◆ Assignment: Restate word for word the lines below, from the one containing "안산시는 오는 31일" through the final line, with no pictures included.

◆ Data excerpt:
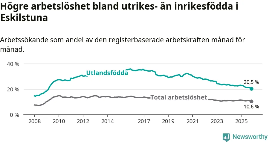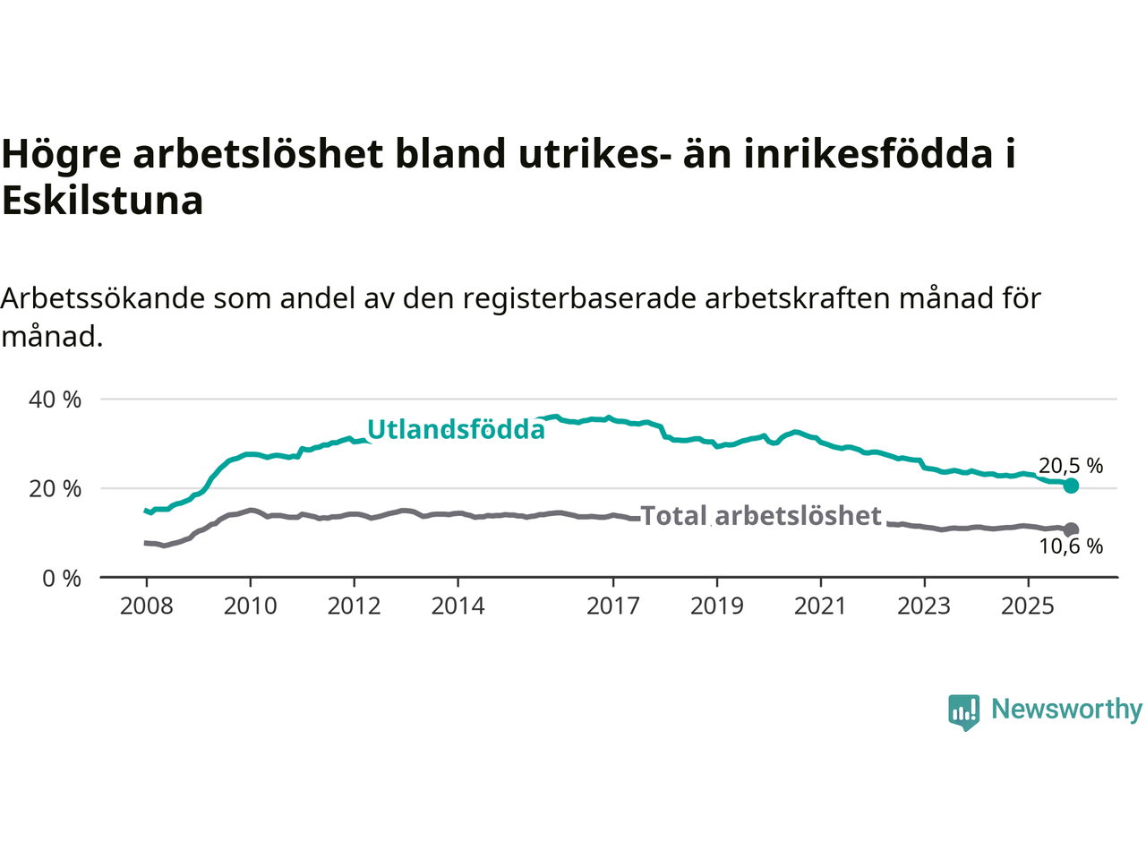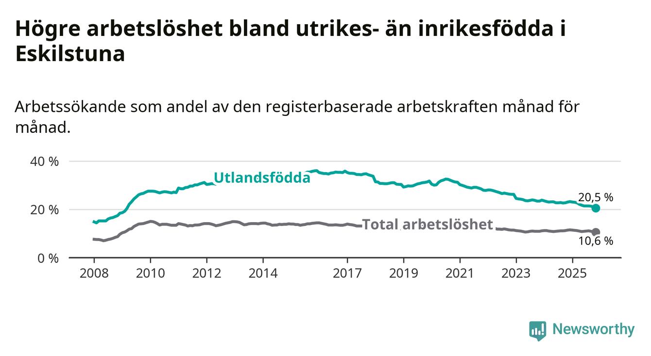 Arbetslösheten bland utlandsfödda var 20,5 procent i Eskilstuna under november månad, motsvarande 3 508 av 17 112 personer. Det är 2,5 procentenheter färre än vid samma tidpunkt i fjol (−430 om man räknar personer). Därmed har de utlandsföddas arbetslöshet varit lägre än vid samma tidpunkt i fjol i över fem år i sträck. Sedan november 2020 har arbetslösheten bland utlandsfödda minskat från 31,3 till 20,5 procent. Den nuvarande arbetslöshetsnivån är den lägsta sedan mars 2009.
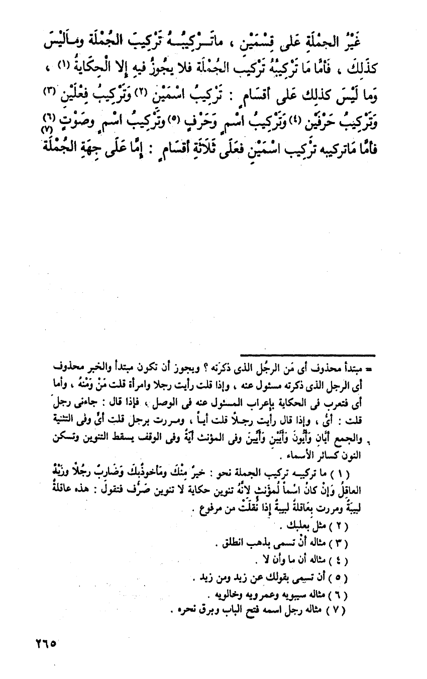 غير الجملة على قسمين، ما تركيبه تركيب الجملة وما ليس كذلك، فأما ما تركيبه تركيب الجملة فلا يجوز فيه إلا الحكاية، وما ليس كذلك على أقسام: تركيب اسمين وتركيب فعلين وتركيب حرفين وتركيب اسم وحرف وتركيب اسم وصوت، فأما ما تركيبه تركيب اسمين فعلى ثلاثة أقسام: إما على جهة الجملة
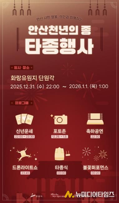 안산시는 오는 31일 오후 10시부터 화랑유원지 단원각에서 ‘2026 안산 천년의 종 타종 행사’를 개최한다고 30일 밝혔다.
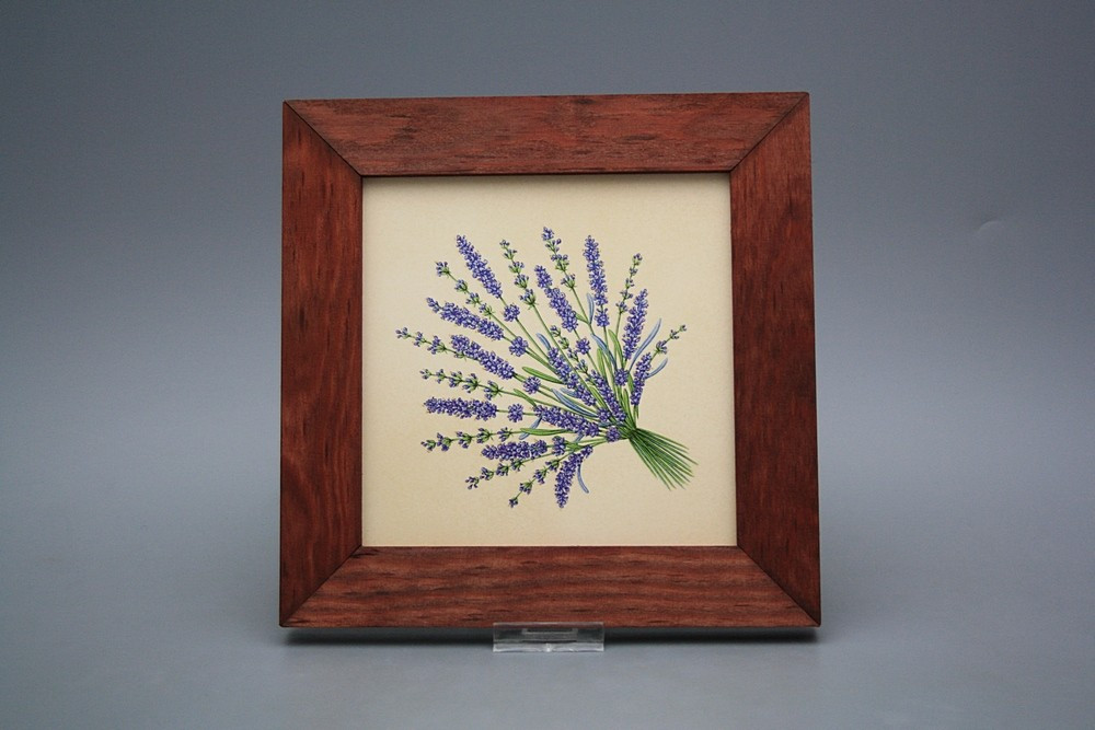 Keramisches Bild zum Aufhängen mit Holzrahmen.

◆ Expected answer:
 안산시는 오는 31일 오후 10시부터 화랑유원지 단원각에서 ‘2026 안산 천년의 종 타종 행사’를 개최한다고 30일 밝혔다.
 Keramisches Bild zum Aufhängen mit Holzrahmen.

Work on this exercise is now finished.